FaceApp Upload All Your Gallery Photos on Its Servers
Rumors have it that FaceApp will upload every picture on your camera roll to its servers. Not only the photo you filtered but every single photo on your camera roll. This is a scary and blatant attack on user privacy if it were true. However, it turned out that this rumor is false.
using a network traffic analyzer, I tried to replicate the thing people are talking about with FaceApp allegedly uploading your full camera roll to remote servers, but I did not see the reported activity occur.
here is marlo stanfiekd with a beard though pic.twitter.com/6wy8cHLNuA
— Will Strafach (@chronic) July 17, 2019
What is true though is that FaceApp uploads the photo you select to its server so they can apply filters server-side. This may not be disturbing to other people, but it’s alarming for those who are advocates of digital privacy. How would you feel about your photo being stored in a server located in some country you don’t know?
The creators of FaceApp said in regards to this privacy issue that “most images are deleted from our servers within 48 hours from the upload date.” Most are not equivalent to all pictures though, so our privacy bells are still ringing.
FaceApp Collects Your Data
- User Content: This includes photos, name, and username that the user has voluntarily provided to FaceApp. This also includes all communication such as service-related emails. Note that users cannot opt-out of these service-related emails, which is an obvious invasion of privacy and can even be against the privacy laws of some countries.
- Analytics Information: The app collects the websites you visit and any add-ons you subscribe to using a third-party analytics tool.
- Logs: This is where it gets disturbing. Logfile information is those that are automatically sent when a user visits an app or a website. It includes the user’s IP address, which is the very thing that VPN users are very protective of (for good reasons too).

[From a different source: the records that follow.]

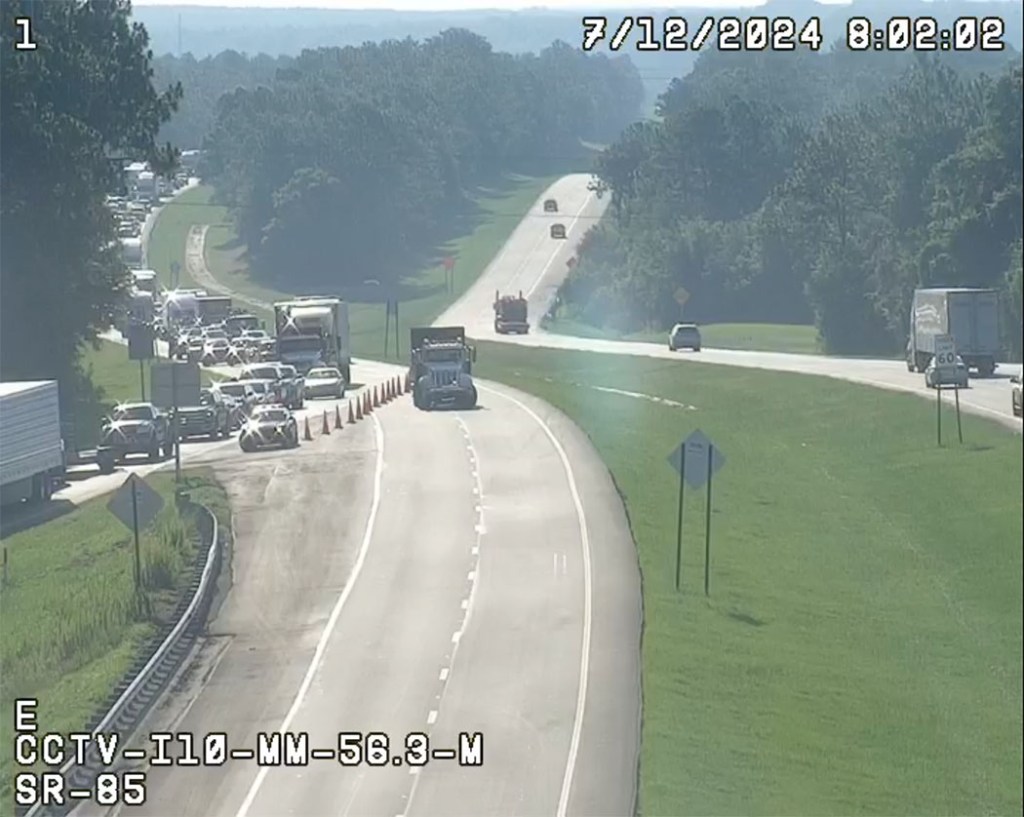 Westbound traffic on I-10 is backed up about a mile and a half east of the Crestview exit.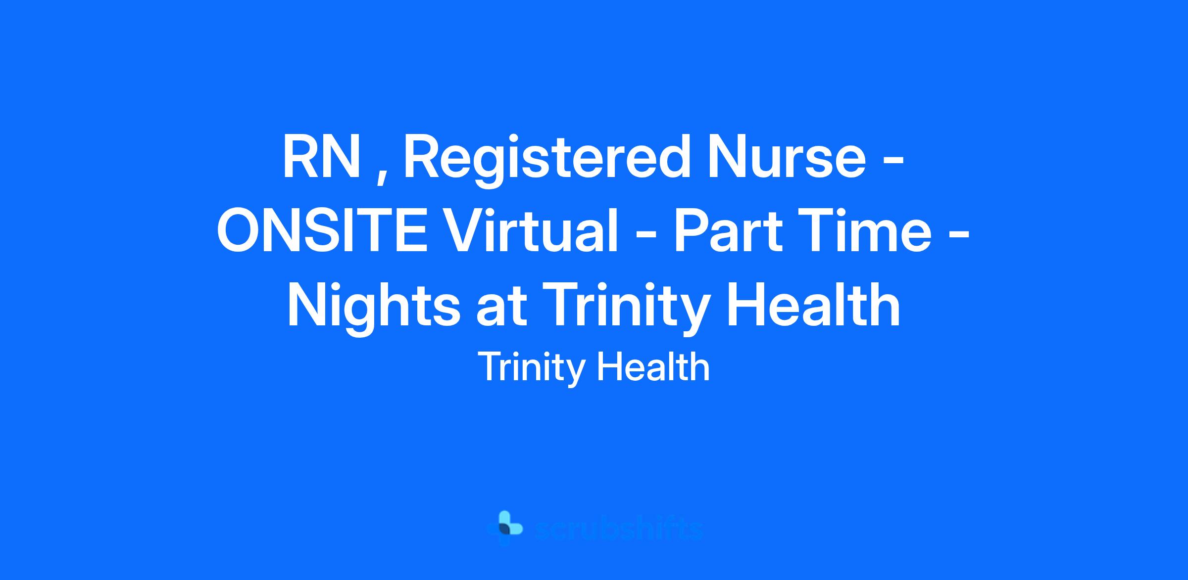 RN , Registered Nurse - ONSITE Virtual - Part Time - Nights at Trinity Health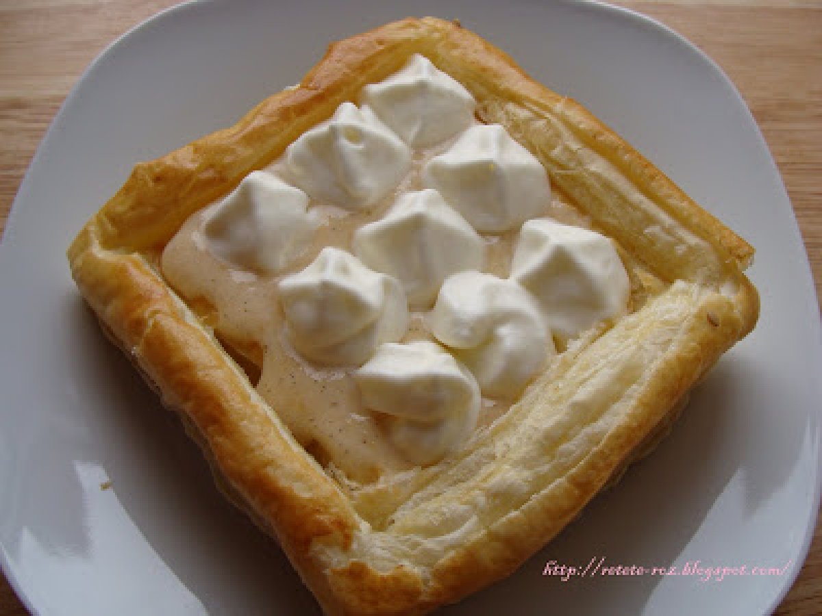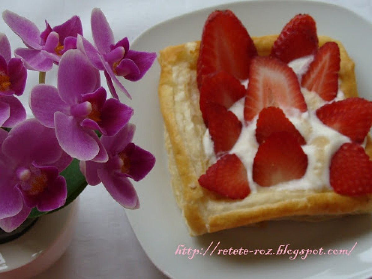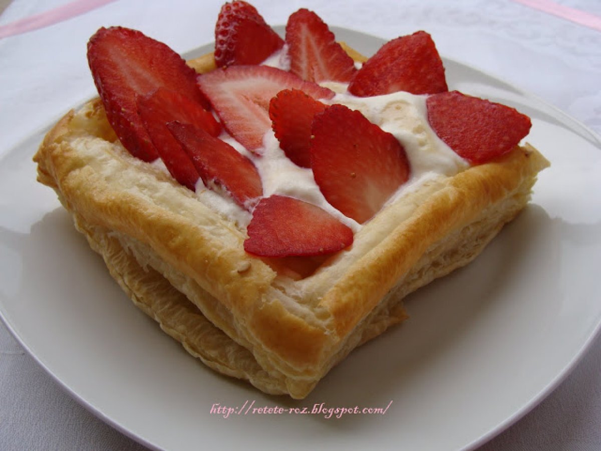 Cremes cu capsuni PrecedentulUrmătorul DesertFoarte ușor45 min Trimite unui prieten Printează pagina Adresează o întrebare autorului Postează o poză cu rețeta gătită de tine Ingrediente 7 250 g aluat de foietaj 200 ml lapte 3 oua plus un ou pentru uns patratelele de foietaj 2 linguri de faina sau amidon 3 linguri de zahar 1 baton de vanilie 250 ml frisca naturala 2 linguri zahar pudra capsuni

- Device identifiers: FaceApp also collects, tracks, and stores (on your device or on their servers) device identifiers such as the operating system, and other information that is unique to the device you are using.
Should You Use FaceApp?
All this information that FaceApp collects and stores for who knows how long are very personal and could lead to you being tracked and monitored without your knowledge. The app masquerades as a photo-enhancement feature but it actually collects data from the social platform you’re using it with.
FaceApp, however, is not alone in doing this. Most applications and even the social media platform you regularly visit collects the same type of information without you knowing it. But just because it’s the norm for most apps and websites doesn’t mean that it’s right and safe. As the end-user, and the ultimate victim in all these, you must protect your privacy by choosing the apps you engage with and the information you share on your social media accounts. For good measure and utmost privacy protection, you can use a low-cost, high-quality VPN like LimeVPN.
A VPN replaces your credentials (including your real IP address) with its own, so your personal information won’t have to reach the app or website that you are accessing. What’s even better is that it encrypts your network traffic so that if someone has gained access to your network, they still can’t read your data. VPNs are a great help in the protection of user privacy, and it is the number one privacy solution used by millions of people and organizations.